From a cardiology perspective, dyspnea in late pregnancy is common but non-specific and often prompts referral to exclude underlying cardiac disease. In this symptomatic third-trimester cohort, NT-proBNP values did not differ significantly between women with and without GDM, suggesting that GDM itself does not materially confound NT-proBNP levels in this setting. Accordingly, when evaluating pregnant women in the third trimester who present with dyspnea and have no known cardiovascular disease, NT-proBNP may retain its supportive value in identifying those who warrant closer cardiac evaluation, rather than reflecting glycemic status alone. These findings may help clinicians interpret NT-proBNP more confidently in pregnant women with dyspnea and may underscore that biomarker results should be integrated with clinical assessment and echocardiography.
The present study has several strengths.

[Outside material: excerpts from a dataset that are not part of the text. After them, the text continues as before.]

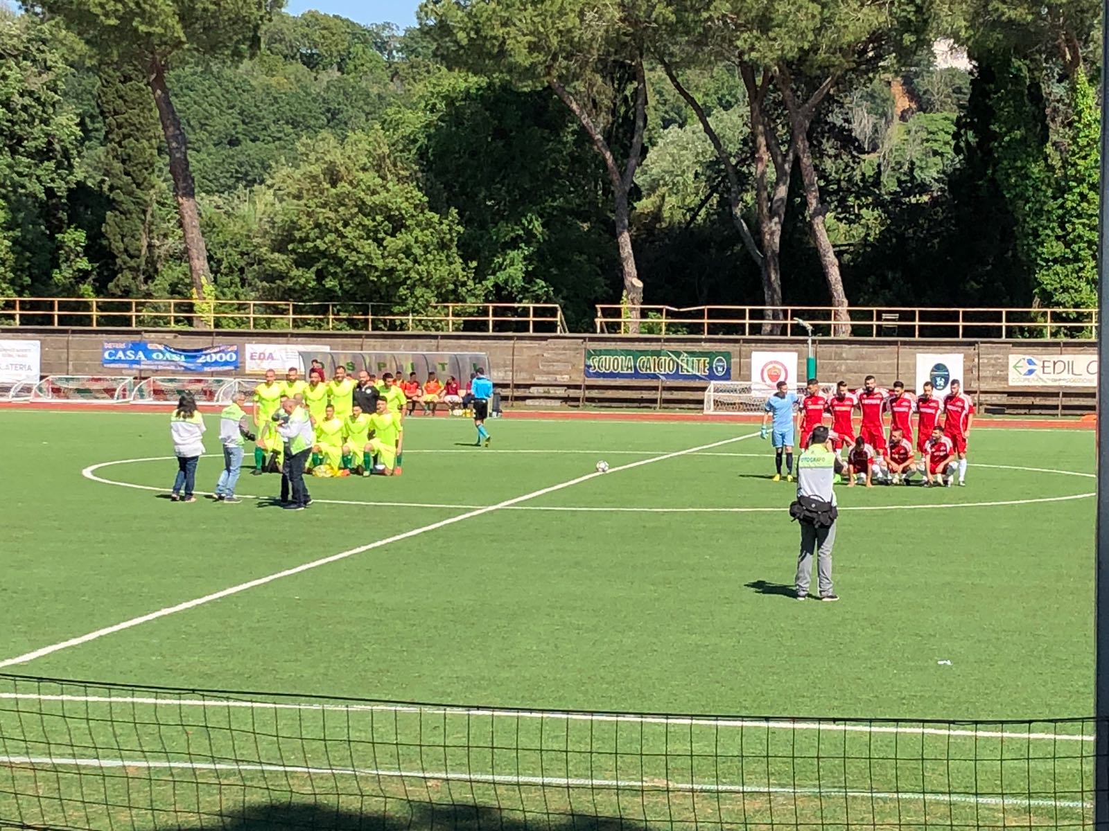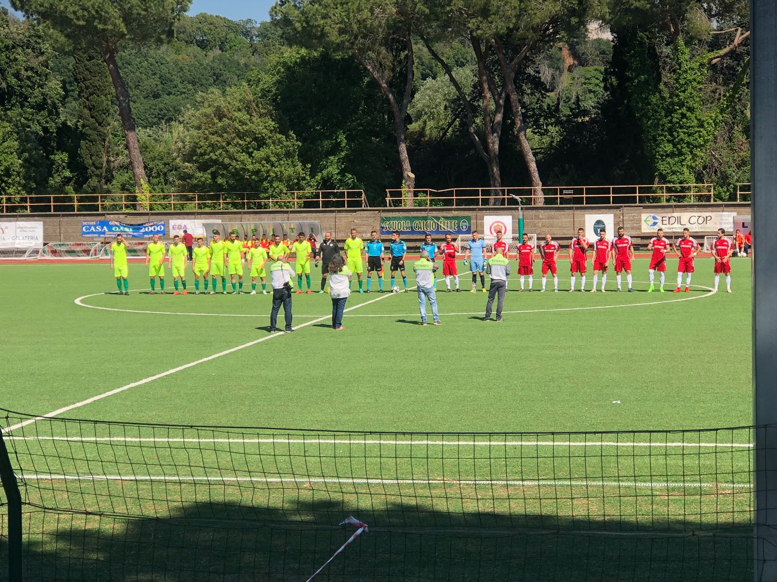 I romani erano passati in vantaggio con Marzi attorno al decimo del primo tempo: sfortunato, nell’occasione, il Montalto, con una deviazione fatale che batte Rosciani e segna l’1 a 0. Ma la reazione è immediata: al ventesimo, infatti, è già 1 a 1, con Lucci che – servito da Vittorini – trova il pari per il Montalto.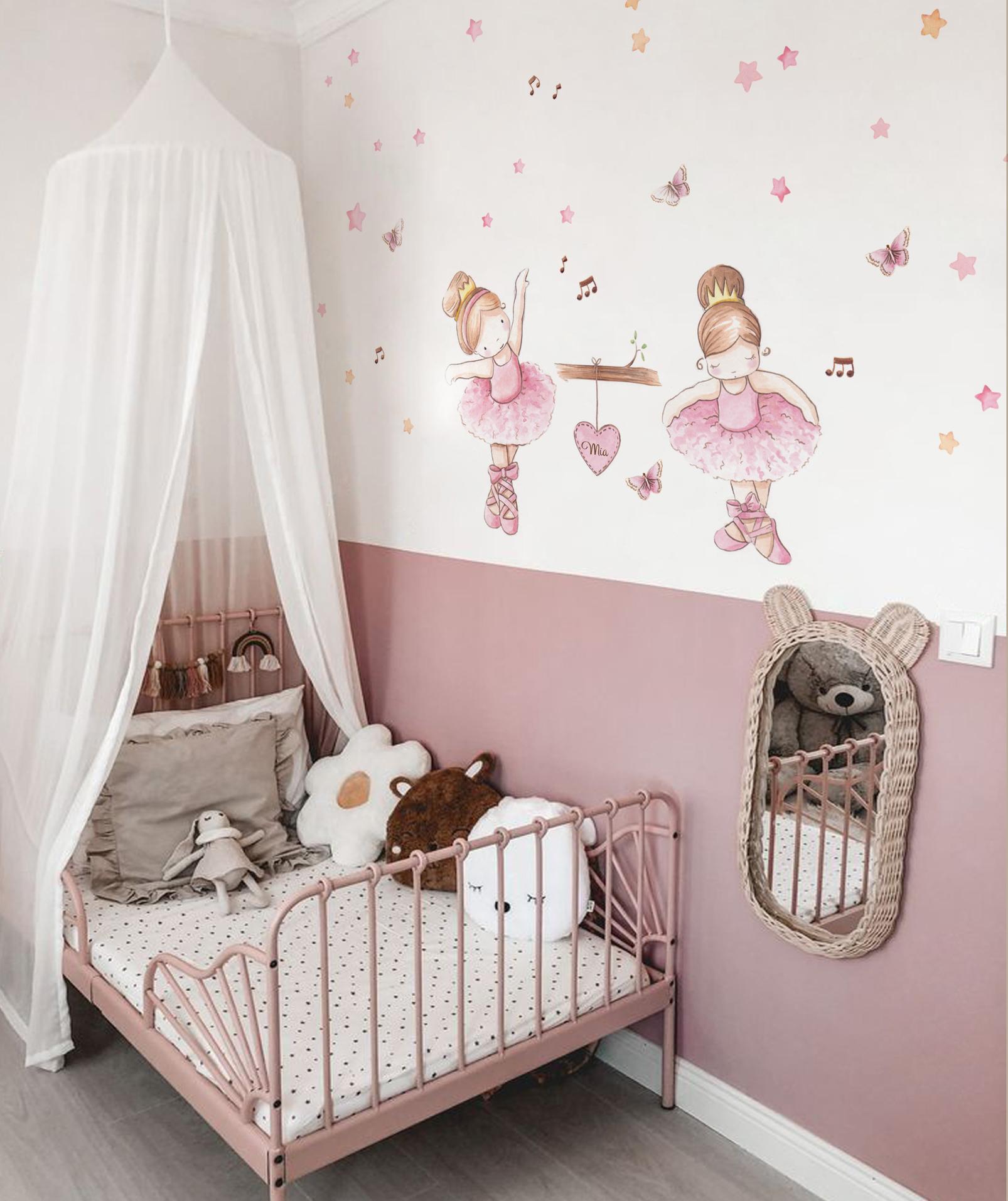Vinilo Infantil de Pared Bailarinas, Estrellas y Mariposas – Decoración para Habitación de Bebé Niña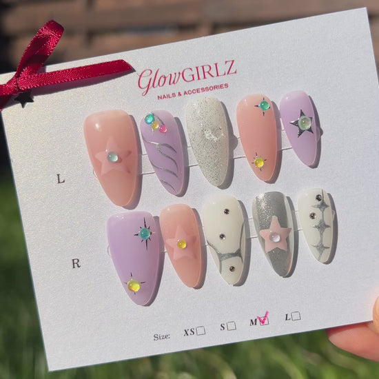 Shine like a star with the Celestial Dream Star Nails – a dreamy mix of pink, lavender, silver, and chrome with 3D stars, galaxy swirls, shimmering crystals, and cosmic sparkle details. This handcrafted press-on nail set is perfect for stargazers, soft girls, and trend lovers into Y2K, fairycore, or coquette styles.

First, its design enabled standardized and systematic collection of clinical, laboratory, and echocardiographic data. However, several limitations should be acknowledged. Given the small number of women with irGDM, we could not perform a subgroup analysis. Another limitation was that we did not evaluate hemodynamic parameters, such as pulse and systolic and diastolic blood pressure, which may affect NT-proBNP levels.
Additionally, we did not evaluate the concentrations of other enzymes or components of the natriuretic pathway that might help explain the mechanisms underlying our findings, such as BNP, ANP, and cyclic guanosine monophosphate (cGMP).
These findings may serve as a basis for future studies involving larger cohorts, including women in the final month of pregnancy, when the risk of pregnancy-associated cardiomyopathy is particularly high.
Study Limitations
This study has certain limitations. First, the fact that the research was conducted at a single center and had a relatively small sample size (n = 51) may limit the generalizability of the findigs. Due to the cross-sectional design of the study, it is not possible to assess the cause-effect relationship and the temporal course of changes in NT-proBNP levels. Second, cardiac hemodynamic indicators such as heart rate, diastolic and systolic blood pressure were not examined in the pregnant women included in the study. Investigating these parameters could have helped to better understand the relationship between NT-proBNP levels and cardiac load. Finally, the number of GDM cases receiving insulin therapy was low (n = 5); therefore, subgroup analyses to evaluate the effect of insulin therapy on NT-proBNP could not be performed. Additionally, physical factors that could affect NT-proBNP levels, such as electrolyte balance, obesity level, and changes in plasma volume, were not controlled. Cardiac hemodynamic parameters (heart rate, systolic/diastolic blood pressure) were not evaluated. Other biomarkers in the natriuretic pathway, such as BNP, ANP, and cGMP, were not analyzed in the study.
CONCLUSION
In conclusion, NT-proBNP values did not differ between gestational and non-gestational pregnant women in the third trimester without cardiovascular disease. For this reason, our findings suggest that third-trimester NT-proBNP levels in women with uncomplicated GDM are not significantly different from those in healthy pregnant controls, indicating that GDM does not introduce additional bias in the cardiac evaluation of these patients.